Let $p\in \mathbb Z$ be a prime congruent to $1\mod 4$. Let $p=\pi\overline \pi$. Show that $\mathbb Z[i]/(p)\simeq \mathbb Z[i]/(\pi)\times\mathbb Z[i]/(\overline\pi )$. Show that the quotient ring $\mathbb Z[i]/(p)$ has order $p^2$ and conclude that the above factors are both fields of order $p$.
To apply the Chinese remainder theorem, I need to prove that $(\pi)+(\overline \pi)=1$. Let $\pi=a+bi$. Then I need to show that $1\in (a+bi)+(a-bi)$. But I don't see why this must be true. The RHS contains $2a$, but $a,b\in \mathbb Z$, why should it contain $1$?

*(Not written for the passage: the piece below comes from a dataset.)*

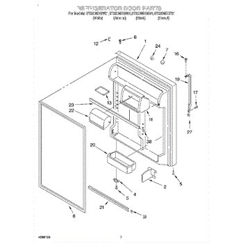 The Door Bin is an OEM replacement part for Whirlpool refrigerators. It is a removable plastic storage bin mounted inside the upper refrigerator door. This bin provides convenient access for eggs, condiments, and other small items with the door open.

Further, $\pi,\overline \pi$ are irreducible (=prime), so the factors are fields. But how do I show that they contain $p $ elements? According to the question, I'm supposed to deduce it from the fact that $\mathbb Z[i]/(p)$ has order $p^2$. Can I show the latter by saying that $\mathbb Z[i]/(p)\simeq \mathbb Z_p[x]/(x^2+1)=\{x+iy:x,y\in \mathbb Z_p\}$? And then, am I supposed to conclude that since neither of the factors $\mathbb Z[i]/(a\pm bi)$ has order $1$, each of them must have order $p$?